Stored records

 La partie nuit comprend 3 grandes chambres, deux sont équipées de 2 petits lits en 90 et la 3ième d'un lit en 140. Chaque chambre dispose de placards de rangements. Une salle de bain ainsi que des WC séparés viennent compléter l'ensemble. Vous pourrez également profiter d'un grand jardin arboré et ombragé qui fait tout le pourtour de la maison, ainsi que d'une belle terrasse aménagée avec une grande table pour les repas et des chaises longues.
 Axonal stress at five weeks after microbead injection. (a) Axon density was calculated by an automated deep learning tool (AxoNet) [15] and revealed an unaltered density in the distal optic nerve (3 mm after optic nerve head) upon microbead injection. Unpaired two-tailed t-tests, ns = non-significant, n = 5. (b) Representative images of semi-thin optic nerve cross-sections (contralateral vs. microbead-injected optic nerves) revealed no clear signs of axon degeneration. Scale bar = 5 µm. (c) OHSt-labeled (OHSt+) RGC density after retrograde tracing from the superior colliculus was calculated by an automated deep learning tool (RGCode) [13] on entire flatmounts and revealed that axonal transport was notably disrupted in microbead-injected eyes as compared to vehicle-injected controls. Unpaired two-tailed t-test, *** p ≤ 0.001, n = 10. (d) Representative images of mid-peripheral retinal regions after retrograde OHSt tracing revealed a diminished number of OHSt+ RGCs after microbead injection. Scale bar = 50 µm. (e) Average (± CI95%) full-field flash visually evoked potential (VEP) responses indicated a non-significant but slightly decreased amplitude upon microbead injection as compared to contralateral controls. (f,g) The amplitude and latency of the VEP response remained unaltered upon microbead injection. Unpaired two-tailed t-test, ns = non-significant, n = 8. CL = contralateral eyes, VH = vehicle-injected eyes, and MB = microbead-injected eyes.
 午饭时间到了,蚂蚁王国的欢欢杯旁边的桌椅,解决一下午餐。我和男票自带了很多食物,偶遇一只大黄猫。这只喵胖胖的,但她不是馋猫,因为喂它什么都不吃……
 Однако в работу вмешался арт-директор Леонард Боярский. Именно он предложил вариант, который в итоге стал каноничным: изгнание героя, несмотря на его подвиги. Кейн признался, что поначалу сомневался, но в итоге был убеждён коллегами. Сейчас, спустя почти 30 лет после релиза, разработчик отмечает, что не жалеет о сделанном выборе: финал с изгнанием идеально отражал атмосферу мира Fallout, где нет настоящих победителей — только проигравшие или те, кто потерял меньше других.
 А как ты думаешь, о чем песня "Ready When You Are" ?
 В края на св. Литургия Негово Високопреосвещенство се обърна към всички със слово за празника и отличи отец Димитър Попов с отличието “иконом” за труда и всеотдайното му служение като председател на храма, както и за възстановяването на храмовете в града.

[Work order] Using the data above, return each line exactly as written.

[Answer to this task]
 La partie nuit comprend 3 grandes chambres, deux sont équipées de 2 petits lits en 90 et la 3ième d'un lit en 140. Chaque chambre dispose de placards de rangements. Une salle de bain ainsi que des WC séparés viennent compléter l'ensemble. Vous pourrez également profiter d'un grand jardin arboré et ombragé qui fait tout le pourtour de la maison, ainsi que d'une belle terrasse aménagée avec une grande table pour les repas et des chaises longues.
 Axonal stress at five weeks after microbead injection. (a) Axon density was calculated by an automated deep learning tool (AxoNet) [15] and revealed an unaltered density in the distal optic nerve (3 mm after optic nerve head) upon microbead injection. Unpaired two-tailed t-tests, ns = non-significant, n = 5. (b) Representative images of semi-thin optic nerve cross-sections (contralateral vs. microbead-injected optic nerves) revealed no clear signs of axon degeneration. Scale bar = 5 µm. (c) OHSt-labeled (OHSt+) RGC density after retrograde tracing from the superior colliculus was calculated by an automated deep learning tool (RGCode) [13] on entire flatmounts and revealed that axonal transport was notably disrupted in microbead-injected eyes as compared to vehicle-injected controls. Unpaired two-tailed t-test, *** p ≤ 0.001, n = 10. (d) Representative images of mid-peripheral retinal regions after retrograde OHSt tracing revealed a diminished number of OHSt+ RGCs after microbead injection. Scale bar = 50 µm. (e) Average (± CI95%) full-field flash visually evoked potential (VEP) responses indicated a non-significant but slightly decreased amplitude upon microbead injection as compared to contralateral controls. (f,g) The amplitude and latency of the VEP response remained unaltered upon microbead injection. Unpaired two-tailed t-test, ns = non-significant, n = 8. CL = contralateral eyes, VH = vehicle-injected eyes, and MB = microbead-injected eyes.
 午饭时间到了,蚂蚁王国的欢欢杯旁边的桌椅,解决一下午餐。我和男票自带了很多食物,偶遇一只大黄猫。这只喵胖胖的,但她不是馋猫,因为喂它什么都不吃……
 Однако в работу вмешался арт-директор Леонард Боярский. Именно он предложил вариант, который в итоге стал каноничным: изгнание героя, несмотря на его подвиги. Кейн признался, что поначалу сомневался, но в итоге был убеждён коллегами. Сейчас, спустя почти 30 лет после релиза, разработчик отмечает, что не жалеет о сделанном выборе: финал с изгнанием идеально отражал атмосферу мира Fallout, где нет настоящих победителей — только проигравшие или те, кто потерял меньше других.
 А как ты думаешь, о чем песня "Ready When You Are" ?
 В края на св. Литургия Негово Високопреосвещенство се обърна към всички със слово за празника и отличи отец Димитър Попов с отличието “иконом” за труда и всеотдайното му служение като председател на храма, както и за възстановяването на храмовете в града.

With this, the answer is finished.